Ну всё — до завтра. Буду в десять. И не одна… Как — с кем? С тортиком и фруктами.
* * *
В эту зиму выпало столько снега, что поражённые жители делали на стенах домов отметки — высота сугробов. Так при наводнении 1824 года отмечали высоту невской воды. Сказать, что я часто вспоминал Варю, — значит соврать. Не просто часто — каждый божий день.
Март.
Тирлим-тирлим, тирлим-тирлим, тирлим-тирлим…
* * *
Ой, Климушка… Я плачу.
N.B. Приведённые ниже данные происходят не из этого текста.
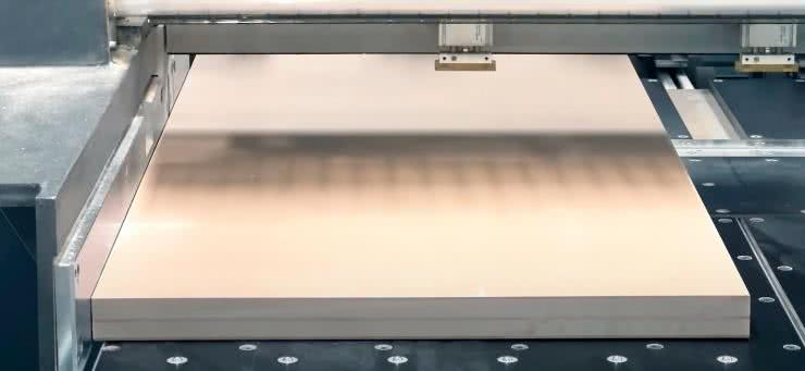 Produkcja PCB rozpoczyna się od dużego kawałka arkusza materiału. Ze względu na ograniczenia sprzętu do produkcji PCB i możliwości produkcyjnych, określone są wymagania dotyczące minimalnego i maksymalnego rozmiaru arkusza. Surowiec - laminat platerowany miedzią, należy przed rozpoczęciem produkcji przyciąć do rozmiaru przetwórczego za pomocą automatycznej maszyny do cięcia - fotografia 1.

Реву в три ручья… Не понимала раньше — откуда третий. Ерунду всякую думала про нюни, а он, третий, — из сердца. Кровью — в душу. Потому что… Он умер — прыгнул с парашютом и не раскрыл его. И в мёрзлую февральскую землю — бум! Четыре дня назад узнала, всё реву. Не думала, что столько солёной жидкости есть в человеке… Что значит «кто»? Он. Любимый мой. Кудрявый, худой, небритый… Думала, что не люблю, а вот — люблю. Ну да, теперь март. А разбился в феврале. Я симку поменяла, вот меня и не могли найти. Говорят, в гробу закрытом хоронили… Какой ещё несчастный случай! Умышленный! Умышленный случай! Там система такая — основной не сработал, запасной открываешь. Ой, не могу… Подожди, салфетку выну. Вот. Всё как-то разом в голову вошло — воспоминания скверные, вся дрянь — и теперь уселось в памяти ежом, так что память сделалась колючая, тяжёлая и не даёт мне спать. Только соберусь вздремнуть — собака чёрная приходит. Нехорошая собака: чернее чёрного, чернющая… Приходит, смотрит красными глазами — веки вывернуты, а вместо когтей у неё на лапах ногти, и такие все изломанные, корявые, будто раздавленные улитки… И морда… то собачья, то словно у бомжа — одутловатая, как фиолетовая грелка. Я глаз этих красных видеть не могу, не выдерживаю — боюсь. Знаю: инстинкт зверя не терпит прямого взгляда в глаза — за ним будет ярость… Как тут уснёшь? Вот и болею бессонницей. Четыре дня не сплю. Знаешь, есть такая птица с огромным клювом — тукан. Так вот, чтобы заснуть, тукану приходится выворачивать голову назад и класть клюв себе на спину — иначе клюв перевесит и тукан с ветки навернётся. Где мне найти такую спину? Ой, не могу… Он мёртвый! Мёртвый!.. Как думаешь, может, коньяком это бессмысленное бодрствование лечить? Только дурно это — утром голова ватой набита. Но уже открыла и рюмку поставила. В одиночку непривычно, а — нет, не могу никого видеть. Ой, горе-то, вот горе… Что же за дура я такая… Зачем сбежала? Хоть штихель в сердце… Нет бы собирать благую карму… Всё, повело Егора в гору. Нет, Климушка, не приезжай. Тебя видеть тоже не хочу. Собака чёрная придёт — с ней выпьем. Зачем только тебя набрала — не знаю. Дура, дура…
* * *
21 октября. День рождения Альфреда Нобеля. С группой учеников из здешнего представительства «Сименса» вспоминали немецких яйцеглавов, удостоенных шведской отметины. Вечером дома читал в оригинале Гессе. Германия и буддизм — нелепейшее сочетание.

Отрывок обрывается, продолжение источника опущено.